Petit rappel : pas besoin de coq pour que les poules pondent des œufs, “mais il assure leur protection”. Animaux sociables, il vaut mieux ne pas avoir une poule seule.
Réduire les déchets
Les habitants peuvent aussi apporter leurs déchets alimentaires pour nourrir les poules. Omnivores, elles mangent de tout, à quelques exceptions : agrumes, pommes de terres crues, trognons de choux, céleri, os, aliments moisis… Sur l'enclos, un panneau indique ce que les volailles peuvent manger.
Une bonne nouvelle, car à Mâlain, le ramassage des ordures ménagères se fait une fois par mois, ou il faut payer pour des levées supplémentaires.
Chaque année, un Français produit 75 kilogrammes de biodéchets, qui sont compostables ou consommables par les poules. Ils représentent un tiers des ordures ménagères qui sont soit brûlées pour produire de l’électricité et de la chaleur, soit enfouies.
"On évite la multiplication des coqs"
Le besoin d'un poulailler communal étonne dans un village de 700 habitants, entouré de champs.
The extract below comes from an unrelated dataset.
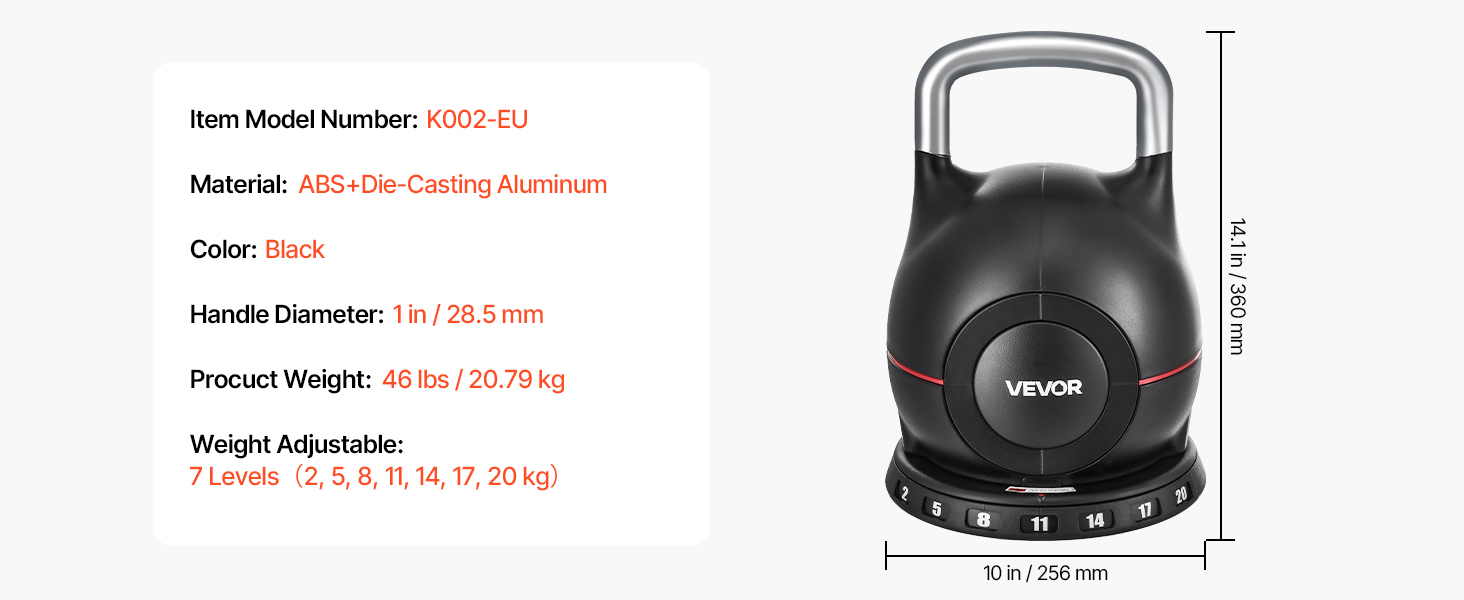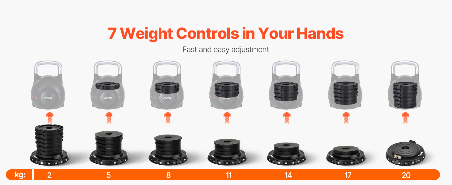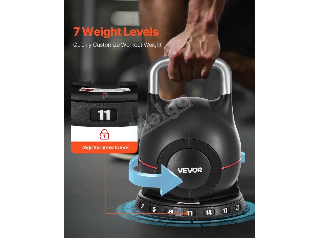 Vďaka siedmim nastaviteľným úrovniam záťaže vám tento kettlebell umožňuje vedecky plánovať tréningy, čím sa zabezpečí, že každé cvičenie bude presné a účinné.
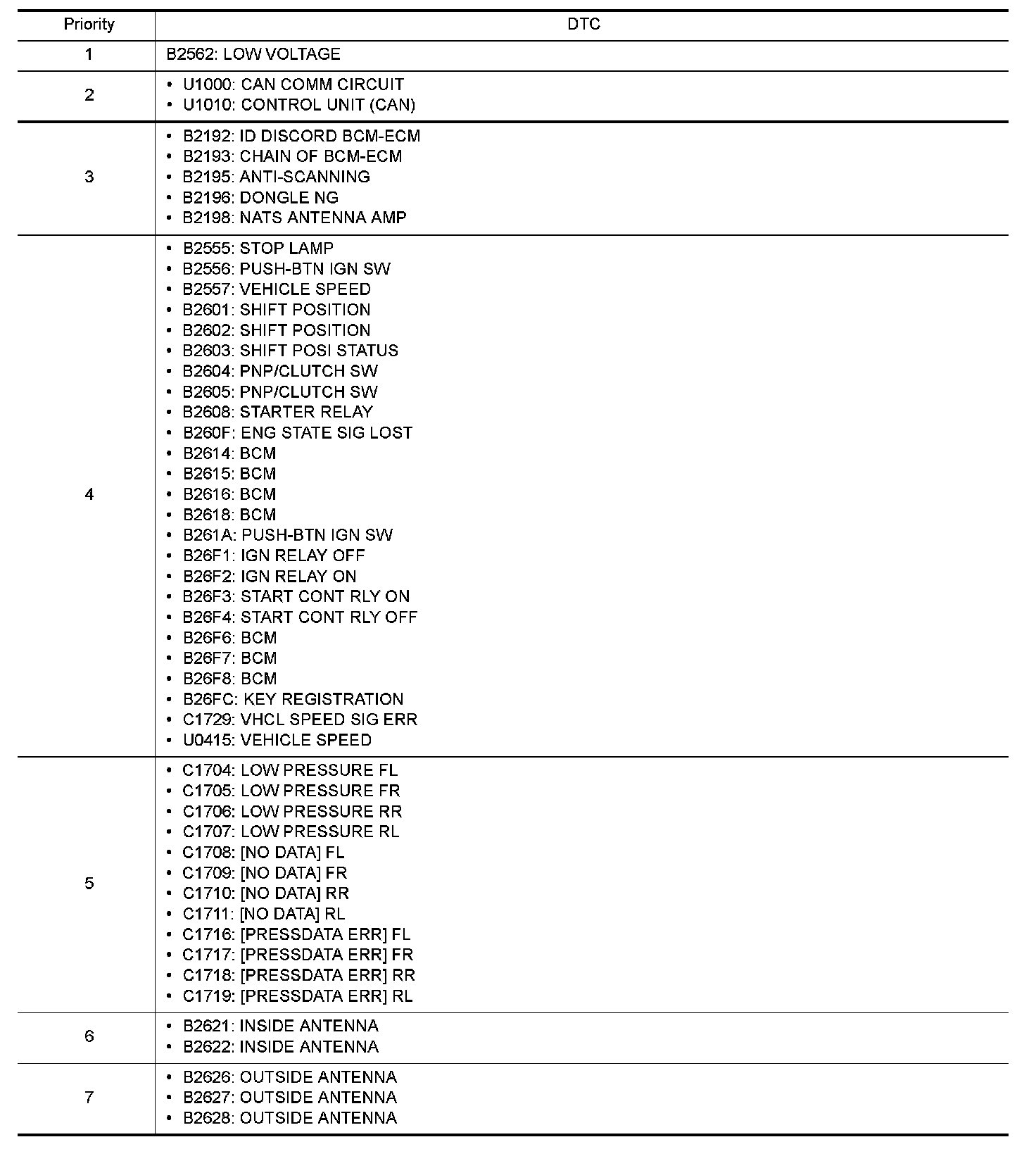 WITH INTELLIGENT KEY : DTC Inspection Priority Chart

On s’attendrait presque à trouver des poules chez tout le monde. “Beaucoup de maisons mitoyennes n’ont pas de jardin et les gens aiment bien partir en vacances et n'ont pas envie d'avoir des animaux. On évite la multiplication des coqs dans le village”, souligne avec malice la conseillère municipale.
Pour diminuer les déchets, en Côte-d'Or, Villers-les-Pots a aussi mis en place un poulailler municipal. C'est l'initiative de la commune de 1 000 habitants qui avait inspiré sa voisine Mâlain. En 2013, France 3 avait fait un direct dans la commune pour en parler.
Une décennie d'existence
Alors, dix ans plus tard, qu'est devenu ce poulailler ? "Il est actuellement en sommeil, prévient Cédric Vautier, le maire de la commune. On reprendra des poules cet hiver ou au printemps." La commune a réaménagé le terrain du poulailler et a ajouté plusieurs équipements : une ruche pédagogique, un jardin partagé et peut-être aussi une haie pédagogique. Une animatrice nature devra animer des ateliers pour les enfants.
"Il restait 4 ou 5 poules qui ont été prises en pension, détaille l'élu. On va repartir sur une dizaine de poules, mais pas de coq, pour ne pas déranger les voisins." Ce sont les jeunes du village qui prendront soin des volailles. Quand une poule pond sur une année plus de 200 œufs, il y a de quoi faire une belle omelette.